In 1964, Hughes introduced the slightly larger three-seat Model 269B which it marketed as the Hughes 300. That same year, the Hughes 269 set an endurance record of 101 hours. To set the record, two pilots took turns piloting the aircraft and hovered in ground-effect for fueling. To ensure no cheating, eggs were attached to the bottom of the skid gear to register any record-ending landing.

The Hughes 300 was followed in 1969 by the improved Hughes 300C (sometimes Hughes 269C), which first flew on 6 March 1969 and received FAA certification in May 1970. This new model introduced a more powerful 190 hp (140 kW) Lycoming HIO-360-D1A engine and increased rotor diameter, giving a payload increase of 45%, plus overall performance improvements. It was this model that Schweizer began building under license from Hughes in 1983.

In 1986, Schweizer acquired all rights to the helicopter from McDonnell Douglas, which had purchased Hughes Helicopters in 1984. After Schweizer acquired the FAA Type Certificate, the helicopter was known for a short time as the Schweizer-Hughes 300C and then simply, the Schweizer 300C. The basic design remained unchanged over the years, despite Schweizer making over 250 minor improvements.

Schweizer was purchased on August 26, 2004, by Sikorsky Aircraft. The Schweizer 300 models fill a gap in the Sikorsky helicopter line, which is known for its medium and heavy utility and cargo helicopters.

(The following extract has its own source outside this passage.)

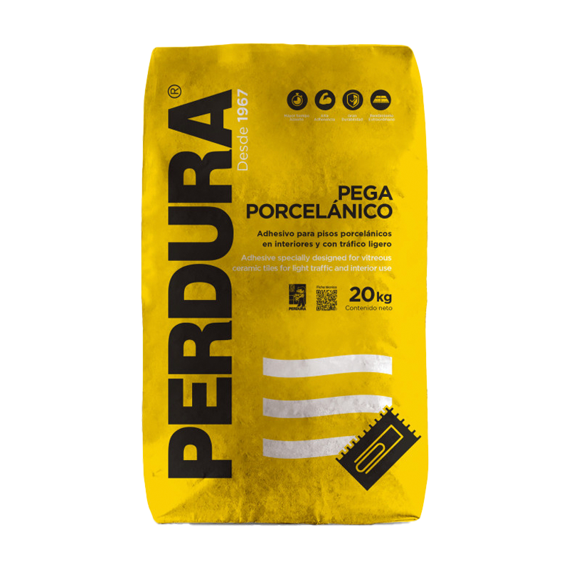 Perdura Porcelanato 20kg recomendado para trabajos de construcción y remodelación.
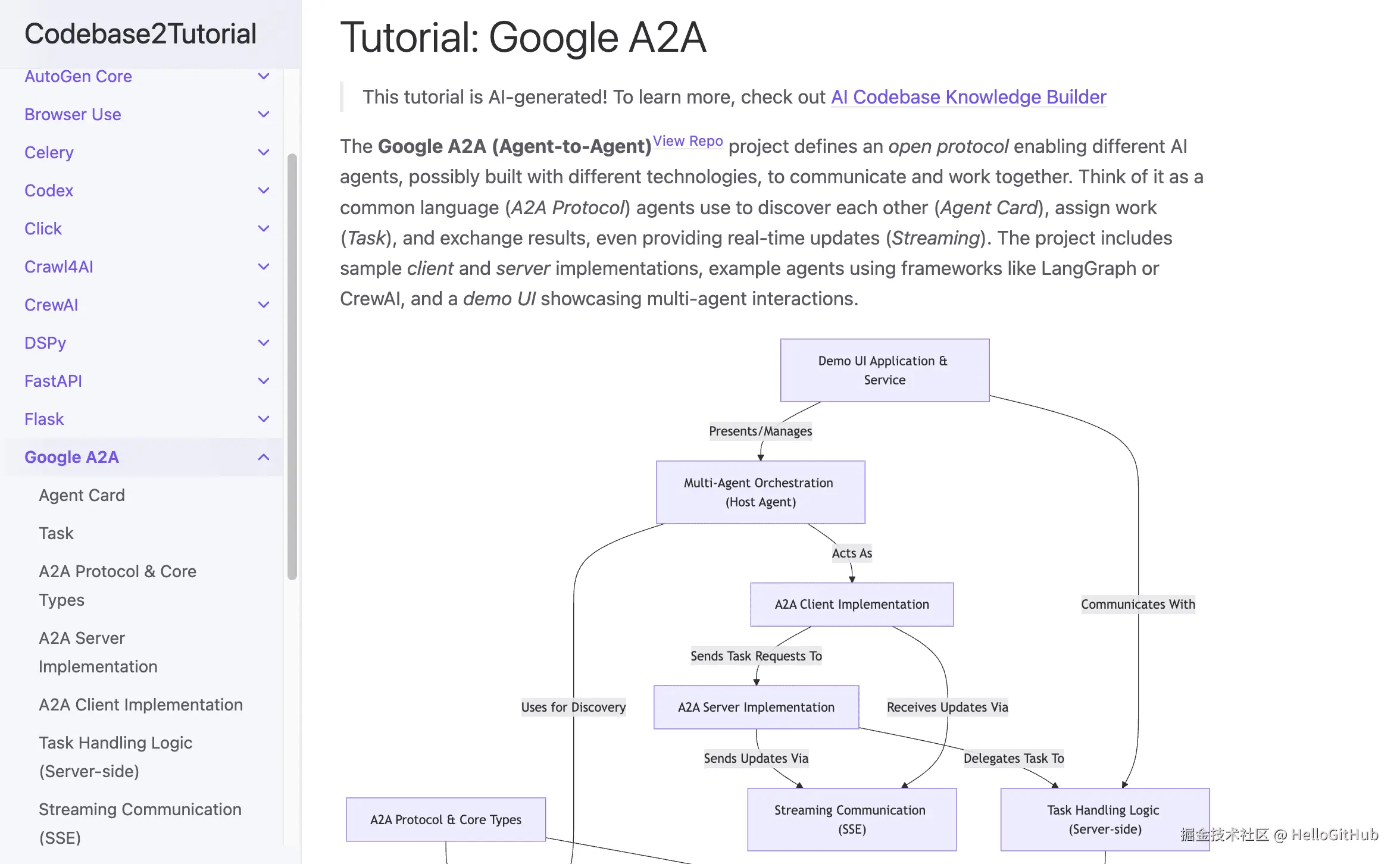 34、Tutorial-Codebase-Knowledge:AI 自动生成代码库教程。该项目利用 AI 将代码库转换为容易理解的教程。它通过分析 GitHub 仓库或本地代码目录,自动生成详细的学习指南,降低初学者理解和上手大型代码仓库的门槛。

In February 2009, the 300C was rebranded as the Sikorsky S-300C.

In 2018 the type certificate for the 269/300 product line was sold by Sikorsky to Schweizer RSG in Fort Worth Texas. The new company, affiliated with Rotorcraft Services Group, will support the existing fleet and will start to build new aircraft at Meacham Airport in Fort Worth, Texas. The management team includes industry and product veterans such as David Horton and Mike Iven.

===Derivatives===
Between Hughes and Schweizer, and including foreign-licensed production civil and military training aircraft, nearly 3,000 units of the Model 269/300 have been built and flown over the last 50 years. Schweizer continued to develop the Model 300 by adding a turbine and redesigning the body to create the Schweizer 330. Further developing the dynamic components to take greater advantage of the power of the turbine engine led to the development of the Schweizer S-333.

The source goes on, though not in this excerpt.